In the strict sense the term amine oxide applies only to oxides of tertiary amines. Sometimes it is also used for the analogous derivatives of primary and secondary amines.
Examples of amine oxides include pyridine N-oxide, a water-soluble crystalline solid with melting point 62-67°C, and N-methylmorpholine N-oxide, which is an oxidant.
Contents
Properties
Amine oxides are used as protecting group for amines and as chemical intermediates. Long-chain alkyl amine oxides are used as nonionic surfactants and foam stabilizers.
Amine oxides are highly polar molecules have a polarity close to that of quaternary ammonium salts. Small amine oxides are very hydrophilic and have an excellent water solubility and a very poor solubility in most organic solvents.
Amine oxides are weak bases with a pKa of around 4.5 that form R3N+-OH, cationic hydroxylamines, upon protonation at a pH below their pKa.
Synthesis
Amine oxides are prepared by oxidation of tertiary amines or pyridine analogs with hydrogen peroxide (H2O2), Caro's acid or peracids like mCPBA in N-oxidation [1].
Reactions
- Pyrolytic elimination. Amine oxides, when heated to 150 to 200 °C eliminate a hydroxylamine, resulting in an alkene. This pyrolytic syn-elimination reaction is known under the name Cope reaction. The mechanism is similar to that of the Hofmann elimination.
- Reduction to amines. Amine oxides are readily converted to the parent amine by common reduction reagents including lithium aluminium hydride, sodium borohydride, catalytic reduction, zinc / acetic acid, and iron / acetic acid. Pyridine N-oxides can be deoxygenated by phosphorus oxychloride
- Sacrificial catalysis. Oxidants can be regenerated by reduction of N-oxides, as in the case of regeneration of osmium tetroxide by N-methylmorpholine oxide.

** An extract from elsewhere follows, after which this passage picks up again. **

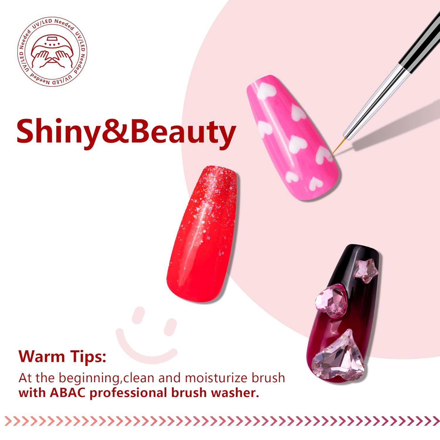 ✨Warm Tips:New brushes have a wax seal,When using for the first time,please use a brush washer to fully moisturize and soften the brush.After treating the brushes,moisturize the brushes with the right amount of brush washer before applying the gel polish,adjust the amount of gel polish and brush washer according to your needs.
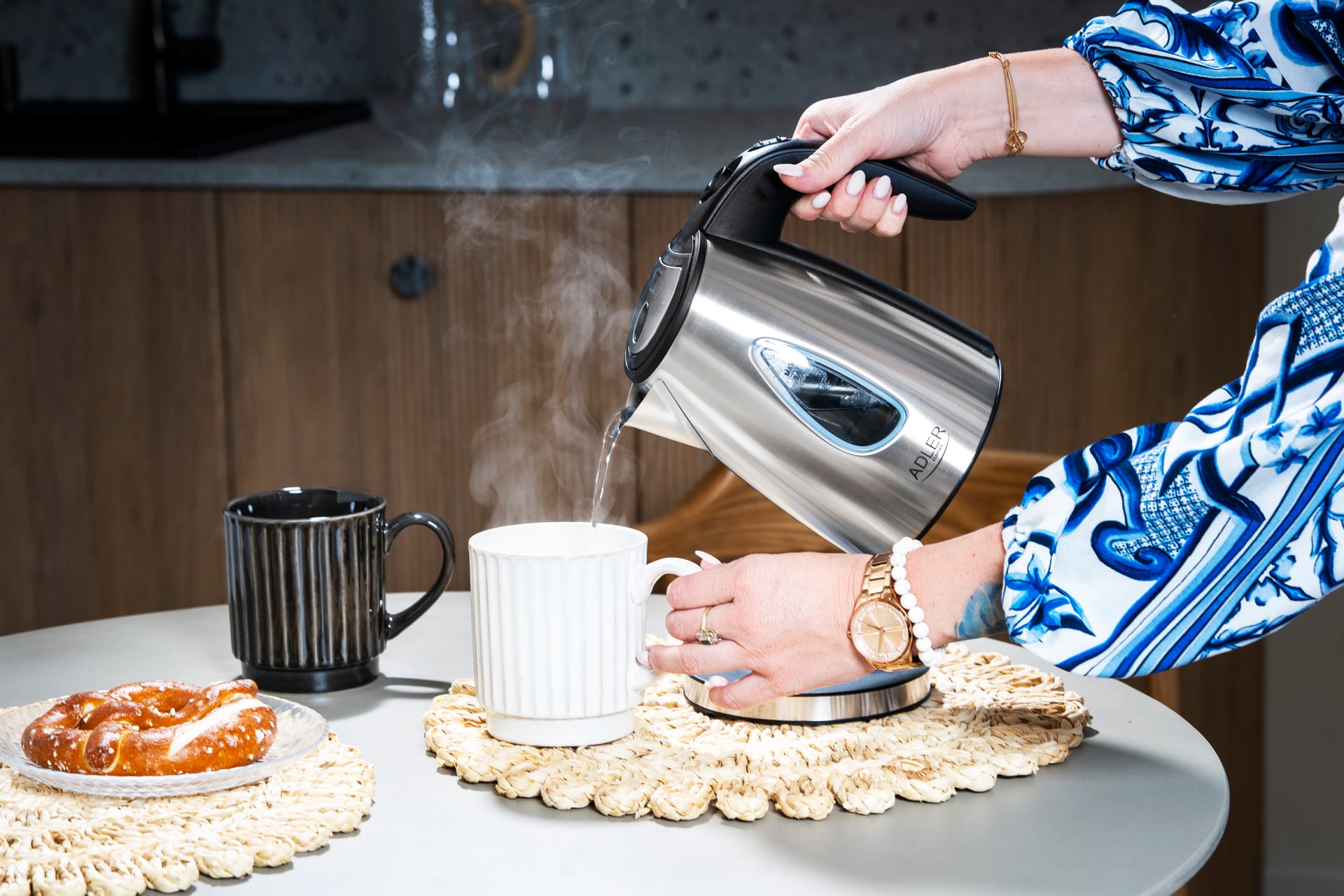 Fierbatorul electric clasic de 1 litru este util in fiecare bucatarie, birou si camin pentru studenti. Din motive de siguranta, este echipat cu o oprire automata care protejeaza fierbatorul de fierbere uscata si opreste fierbatorul imediat dupa ce apa fierbe. Fierbatorul este echipat cu un filtru care opreste sedimentele ceea ce imbunatateste gustul si calitatea apei. Functionalitatea sa este sporita de o baza stabila si un indicator luminos al nivelului apei. Fierbatorul este fabricat din otel inoxidabil si este echipat cu un element de incalzire puternic de 1630 W, ceea ce il face un maestru de sprint in fierberea apei. Designul modern al ceainicului si carcasa argintie sunt completate cu o lumina pilot LED care informeaza ca apa tocmai a fiert.

- O-alkylation. Pyridine N-oxides react with alkyl halides to the O-alkylated product
- In the Meisenheimer rearrangement (after Jakob Meisenheimer) certain N-oxides R1R2R3N+O- rearrange to hydroxylamines R2R3N-O-R1 [2][3]
- In the Polonovski reaction a tertiary N-oxide is cleaved by acetic acid anhydride to the corresponding acetamide and aldehyde[4][5][6]:
Metabolites
Amine oxides are common metabolites of medication and psychoactive drugs. Examples include nicotine, Zolmitriptan, and morphine.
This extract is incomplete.